* _What the task requires_:
From the first line of the data through the line containing "A woman with", transcribe each line exactly. Pictures do not belong in the copy.

* _Collected material_:
►

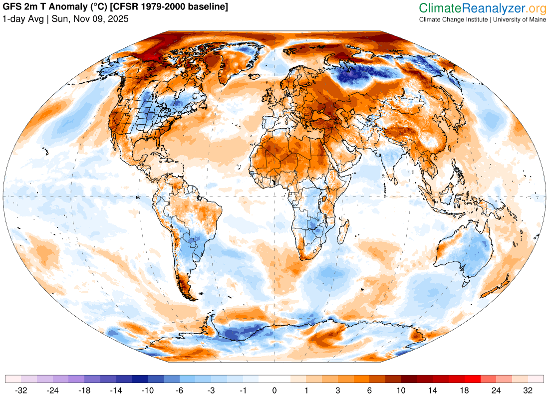 La Siberia vive una situazione di freddo molto importante: addirittura abbiamo temperature che vanno oltre i 10°C, se non anche 15°C, sotto la norma. Quelle regioni vivono un clima molto continentale, quindi ampiezze così notevoli in ambito di anomalie possono essere possibili sia di caldo che di freddo.
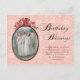 Birthday Blessings scripture postcard with a lovely Victorian style angel print, pretty frame and pink damask background. Designed by Simply Vintage by Robin; artwork courtesy of The Graphics Fairy
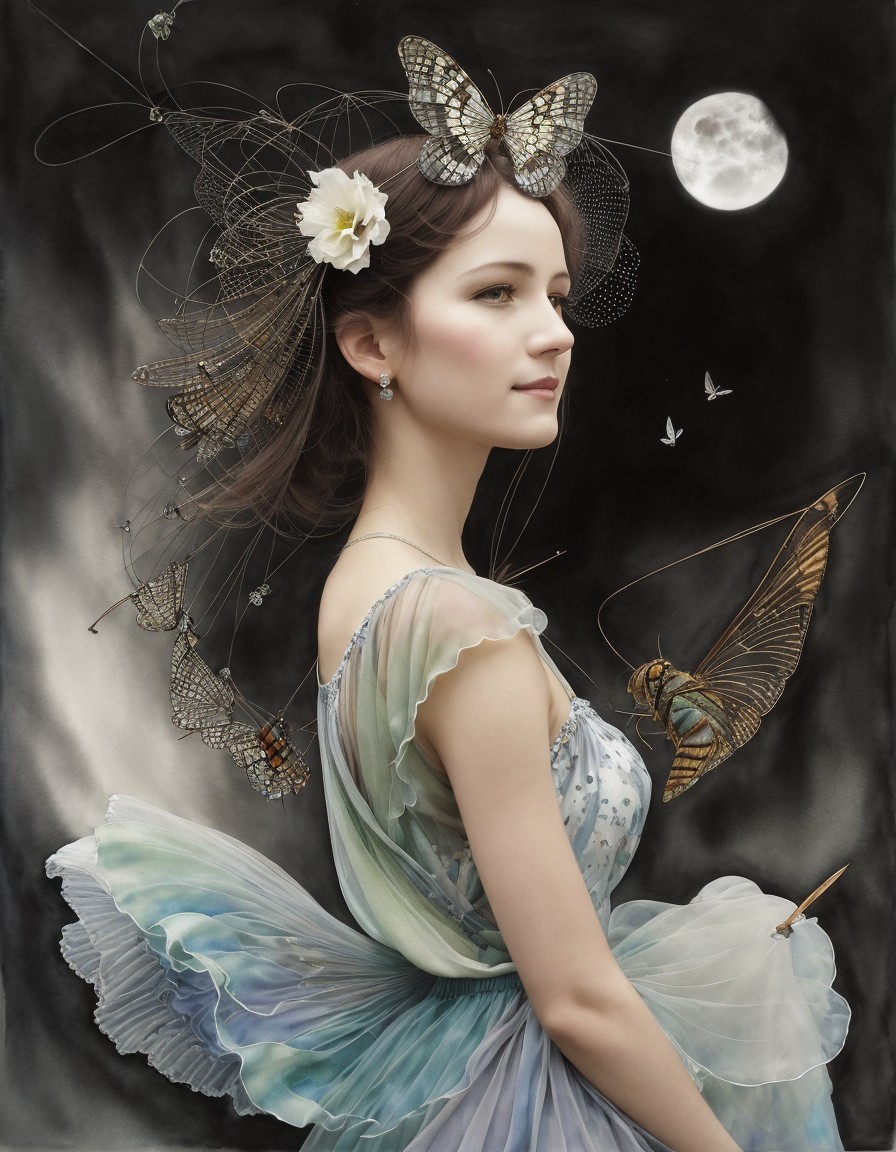 A woman with fairy wings and antennae, holding a quill, with a full moon in the background, exuding a mystical aura.
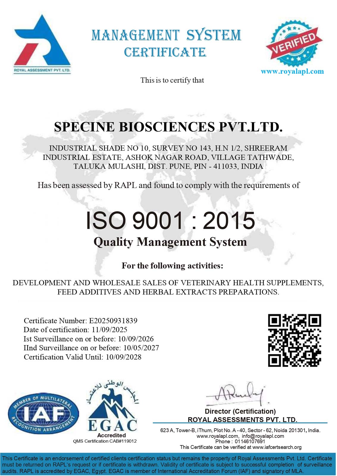 Specine Biosciences is an innovation-led animal health company focused on the discovery, development and marketing of nutritional and therapeutic solutions for production and companion animals worldwide. We combine cutting-edge science with a planet-first philosophy to create products that work in the field, meet regulatory standards and win long-term trust.

◄

* _Answer to the exercise_:
 La Siberia vive una situazione di freddo molto importante: addirittura abbiamo temperature che vanno oltre i 10°C, se non anche 15°C, sotto la norma. Quelle regioni vivono un clima molto continentale, quindi ampiezze così notevoli in ambito di anomalie possono essere possibili sia di caldo che di freddo.
 Birthday Blessings scripture postcard with a lovely Victorian style angel print, pretty frame and pink damask background. Designed by Simply Vintage by Robin; artwork courtesy of The Graphics Fairy
 A woman with fairy wings and antennae, holding a quill, with a full moon in the background, exuding a mystical aura.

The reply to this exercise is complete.